[Opening Given information section]

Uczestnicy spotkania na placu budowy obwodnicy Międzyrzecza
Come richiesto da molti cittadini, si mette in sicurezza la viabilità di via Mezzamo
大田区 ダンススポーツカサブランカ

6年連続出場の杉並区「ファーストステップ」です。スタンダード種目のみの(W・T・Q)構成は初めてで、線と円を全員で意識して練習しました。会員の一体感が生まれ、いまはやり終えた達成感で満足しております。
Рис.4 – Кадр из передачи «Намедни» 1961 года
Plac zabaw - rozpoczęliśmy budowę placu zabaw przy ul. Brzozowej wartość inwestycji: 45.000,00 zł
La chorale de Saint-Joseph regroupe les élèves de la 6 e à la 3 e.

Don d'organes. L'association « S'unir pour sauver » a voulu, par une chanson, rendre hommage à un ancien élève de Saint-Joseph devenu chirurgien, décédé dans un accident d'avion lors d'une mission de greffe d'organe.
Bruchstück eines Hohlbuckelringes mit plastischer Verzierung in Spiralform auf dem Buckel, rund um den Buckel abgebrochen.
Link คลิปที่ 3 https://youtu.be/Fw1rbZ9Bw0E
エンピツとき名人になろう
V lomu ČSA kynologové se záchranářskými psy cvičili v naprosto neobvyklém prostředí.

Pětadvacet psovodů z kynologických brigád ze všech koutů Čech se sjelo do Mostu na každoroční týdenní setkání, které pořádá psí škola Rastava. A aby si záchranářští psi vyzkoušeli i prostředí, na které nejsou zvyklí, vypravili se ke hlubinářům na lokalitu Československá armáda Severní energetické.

[Closing Given information section]
[Opening Given information section]

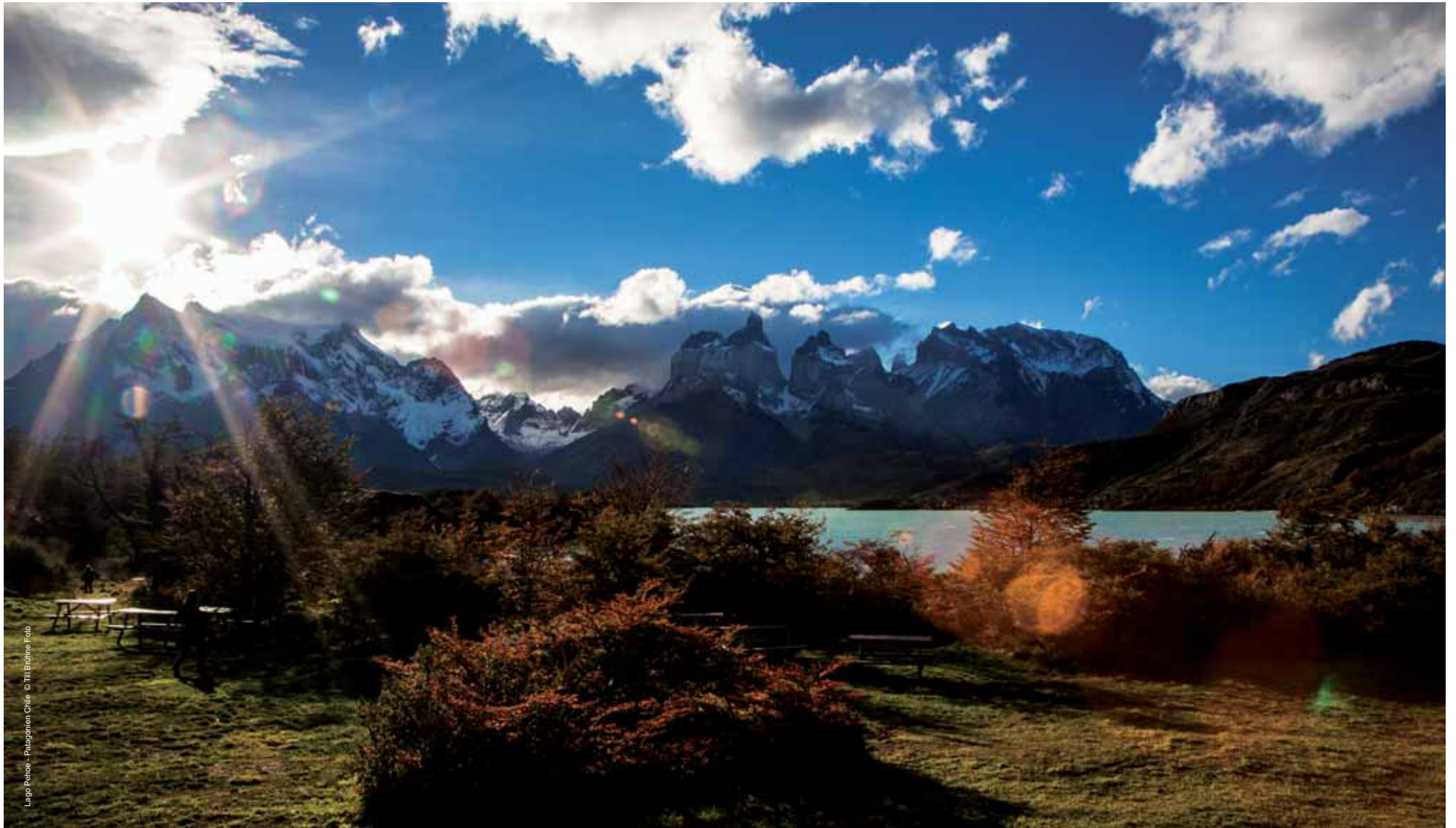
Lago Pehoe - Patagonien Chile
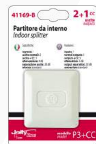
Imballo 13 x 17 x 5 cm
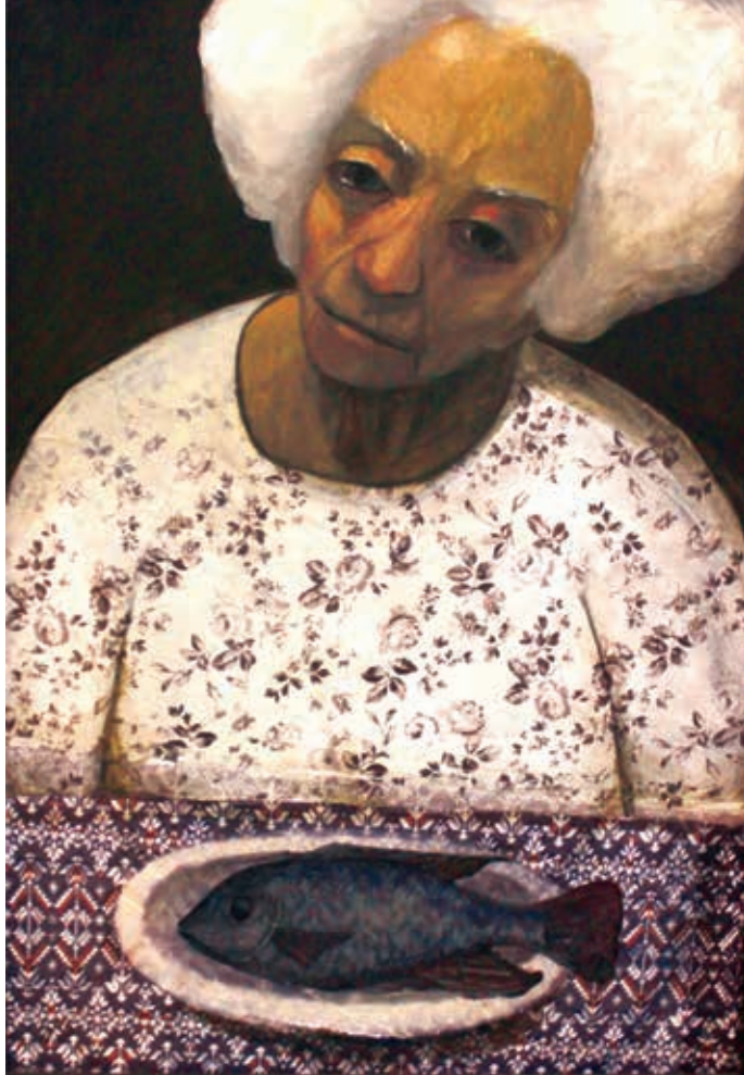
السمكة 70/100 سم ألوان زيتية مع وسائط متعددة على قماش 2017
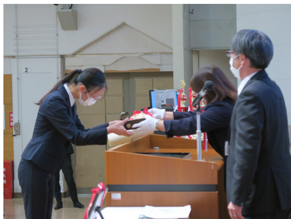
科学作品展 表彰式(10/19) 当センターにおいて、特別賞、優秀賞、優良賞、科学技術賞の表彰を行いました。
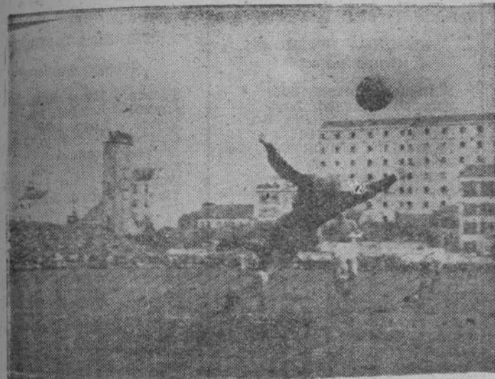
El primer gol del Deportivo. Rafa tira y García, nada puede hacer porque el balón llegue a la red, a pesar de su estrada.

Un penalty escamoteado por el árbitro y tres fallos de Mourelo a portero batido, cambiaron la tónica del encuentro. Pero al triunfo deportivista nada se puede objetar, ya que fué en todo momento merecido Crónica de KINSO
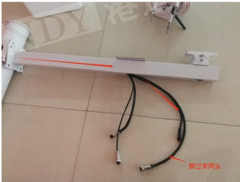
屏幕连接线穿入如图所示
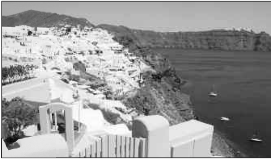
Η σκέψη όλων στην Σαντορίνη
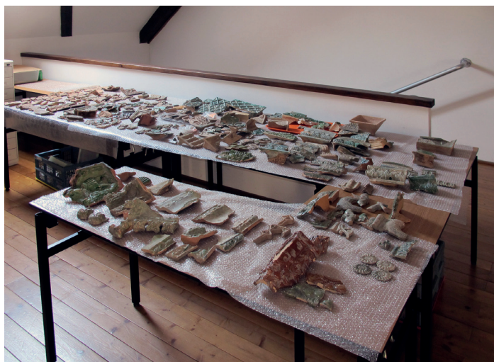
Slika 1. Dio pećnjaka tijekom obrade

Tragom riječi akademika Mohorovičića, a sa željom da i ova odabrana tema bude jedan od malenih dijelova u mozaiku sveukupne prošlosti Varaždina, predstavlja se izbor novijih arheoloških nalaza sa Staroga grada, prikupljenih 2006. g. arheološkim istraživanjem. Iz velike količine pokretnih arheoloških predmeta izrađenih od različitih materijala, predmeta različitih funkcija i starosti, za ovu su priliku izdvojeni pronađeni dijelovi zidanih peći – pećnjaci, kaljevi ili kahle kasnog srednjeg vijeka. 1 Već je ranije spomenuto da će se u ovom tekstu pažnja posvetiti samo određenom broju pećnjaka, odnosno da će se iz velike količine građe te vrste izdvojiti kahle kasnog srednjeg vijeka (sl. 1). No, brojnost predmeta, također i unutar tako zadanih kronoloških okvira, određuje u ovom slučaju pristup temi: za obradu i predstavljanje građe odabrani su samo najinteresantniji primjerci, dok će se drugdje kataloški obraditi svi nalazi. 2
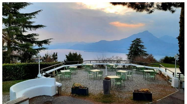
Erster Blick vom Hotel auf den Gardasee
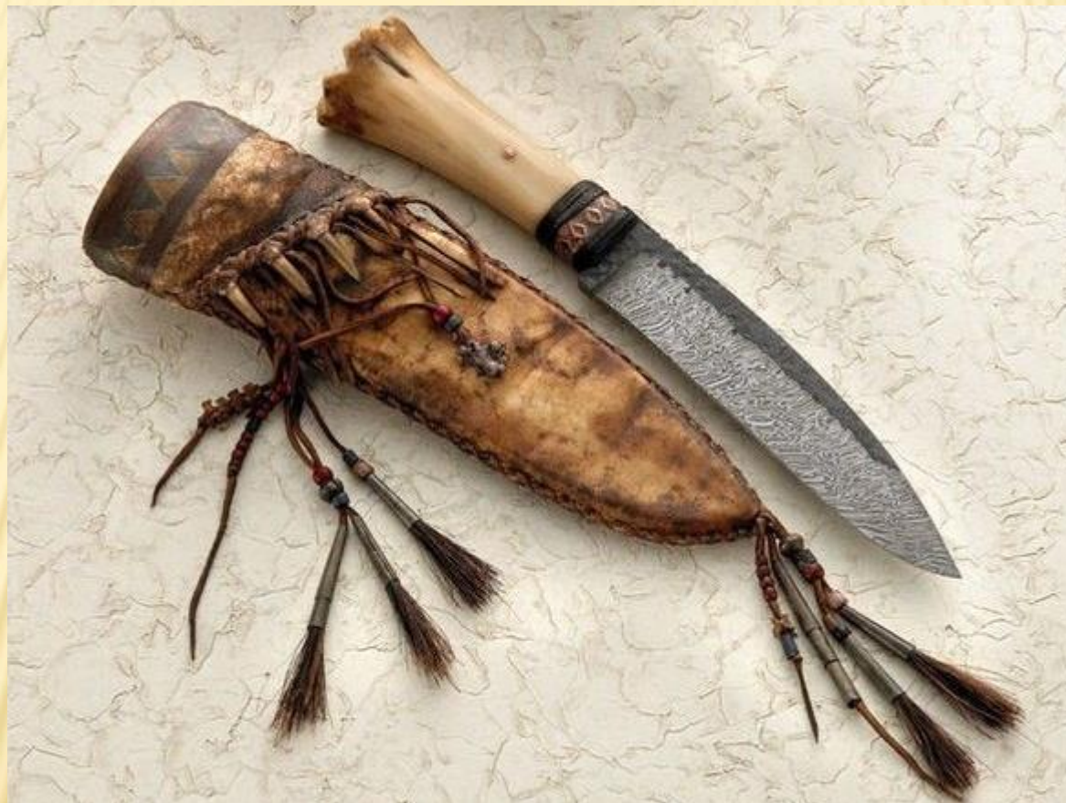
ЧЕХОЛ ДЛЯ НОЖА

[Closing Given information section]

Brief
Each line above starting at the one holding "Erster Blick vom Hotel auf den Gardasee" and ending at the one holding "ЧЕХОЛ ДЛЯ НОЖА" should be set down exactly as it stands, both ends included, with no pictures.

Reply
Erster Blick vom Hotel auf den Gardasee
ЧЕХОЛ ДЛЯ НОЖА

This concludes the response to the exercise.